I am surprised to find that me, being a small tech lead on the other side of the planet in the late 2010s, could share many similar experience and thinking as the CEO of a major media company in the world, who rised decades before I was born. I am sure anyone climbing the coporate ladder who reads the book would feel the same. How Iger handled all those challenges is a gem for us all. Reading this book, we can confirm what strategy could work, and get some advice when we are in doubt.

Here are just a few lessons I learned or confirmed from Iger’s story:

1. Priority

In my eagerness to demonstrate that I had a strategy for solving all of Disney’s problems and addressing all of the issues we were confronting, I hadn’t prioritized any of them.

You have to convey your priorities clearly and repeatedly. In my experience, it’s what separates great managers from the rest. … Inefficiency sets in, frustration builds up, morale sinks.

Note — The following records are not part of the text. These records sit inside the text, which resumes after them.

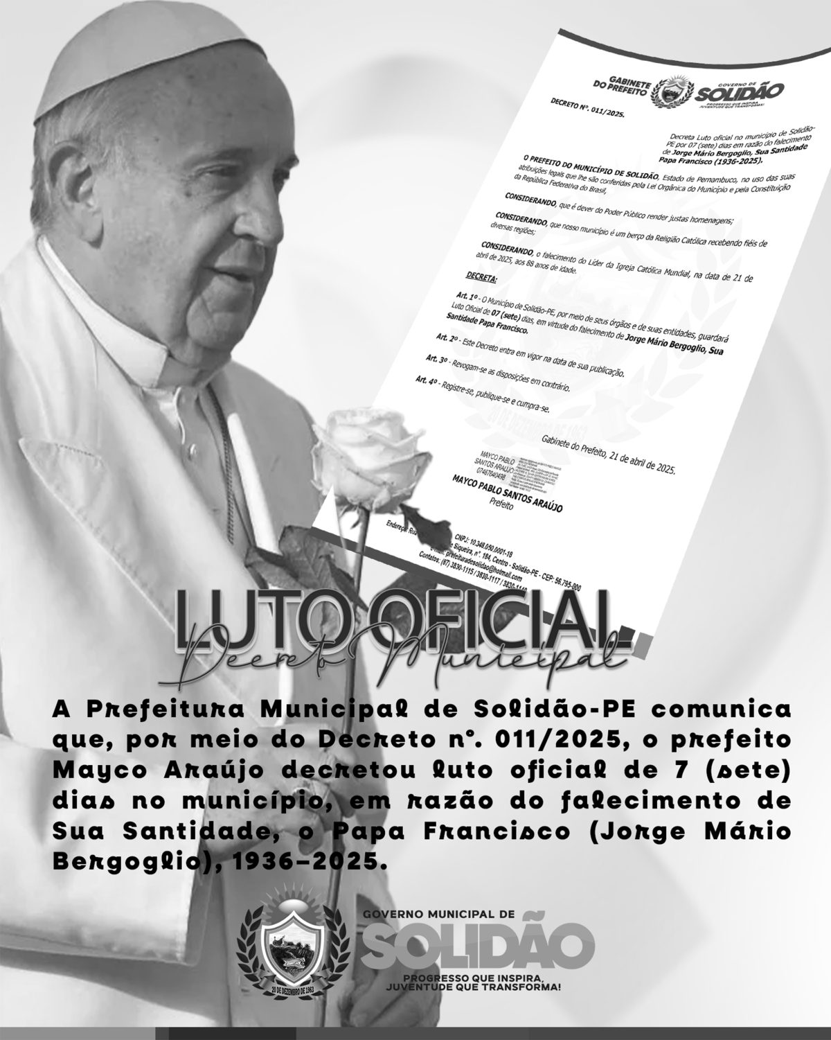 O município de Solidão, no Sertão de Pernambuco, decretou oficialmente luto de 7 (sete) dias em razão do falecimento de Jorge Mário Bergoglio, Sua Santidade Papa Francisco, aos 88 anos de idade. O Decreto, de número 011/2025, foi publicado pelo prefeito Mayco Pablo Santos Araújo. Sendo a cidade de Solidão reconhecida como berço de fé
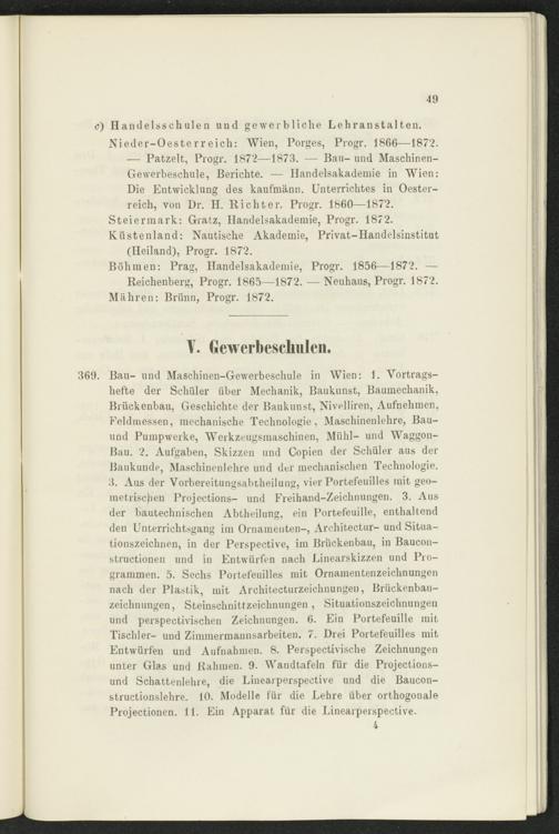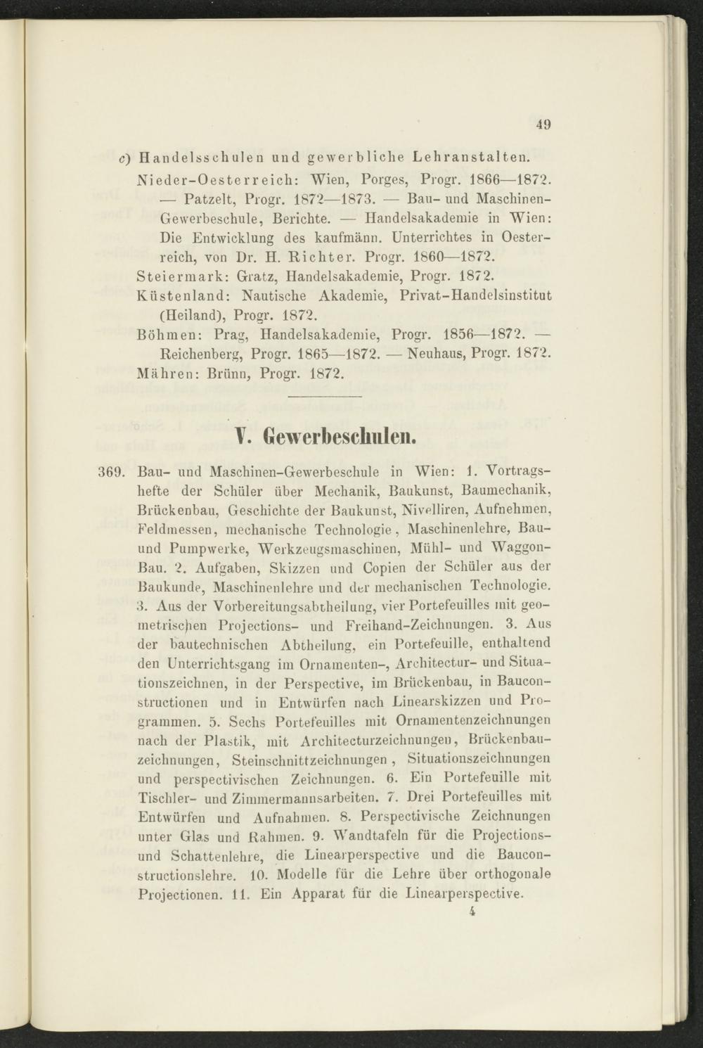 c) Handelsschulen und gewerbliche Lehranstalten. Nieder-Oesterreich: Wien, Porges, Progr. 1866—1872. — Patzelt, Progr. 1872—1873. — Bau- und Maschinen- Gewerbeschule, Berichte. — Handelsakademie in Wien: Die Entwicklung des kaufmänn. Unterrichtes in Oesterreich, von Dr. H. Richter. Progr. 1860—1872. Steiermark: Gratz, Handelsakademie, Progr. 1872. Küstenland: Nautische Akademie, Privat-Handelsinstitut (Heiland), Progr. 1872.
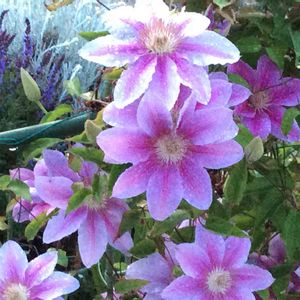 ご近所さんのお庭 なんていう花でしょうか? この咲いた状態のベロベロンとした感じは… こういう花なのか、それとも雨のせいなのか…わかりません😅💦 💜💜💜💜💜 ぬばたまさんから インテグリフォリア系のクレマチスと教えていただきました✨✨ ありがとうございました😊

You can do a lot for the morale of the people around you (and therefore the people around them) just by taking the guesswork out of their day-to-day life.

Priority is often underrated because it is already in the good employee 101 book. When Iger writes about it while he is late in his career running for CEO, I can assure you it is not a new concept to him at that time. But people just took it granted.

It took 5 minutes in my career to learn priority is important. Maybe 5 days to learn some ways to prioritize things at work. But it took 5 years to realize what priority is about and the cost of it. It is not just about being smart or focused in allocating resource. It is about boldness and decisiveness. It is a bet that costs your ego and everybody’s money.

When you are busy enough, it is natural to fall into the trap of satisfying everyone, especially when you can still push for it. But making everyone happy only brings in a false sense of achievement. It does not bring good end result. It takes courage and confidence to say no to people or to yourself. You need to really give up something in exchange of a future you bet on. Being productive but greedy is often being mediocre.

2. Management

I have heard a lot of management methodologies in my career, many of which are contradicting each other. Now I am starting to believe that there is no such thing as management methodology. Management is the art of balance. The content is often changing and sometimes going in totally different directions under different scenarios.

Here is an excerpt of Iger on pressure management:

There’s no rule book for how to manage this kind of challenge, but in general, you have to try to recognize that when the stakes of a project are very high, there’s not much to be gained from putting additional pressure on the people working on it.

Projecting your anxiety onto your team is counterproductive.

It’s subtle, but there’s a difference between communicating that you share their stress—that you’re in it with them—and communicating that you need them to deliver in order to alleviate your stress.

It makes a lot sense, though I have also seen some managers doing the opposite and get things done.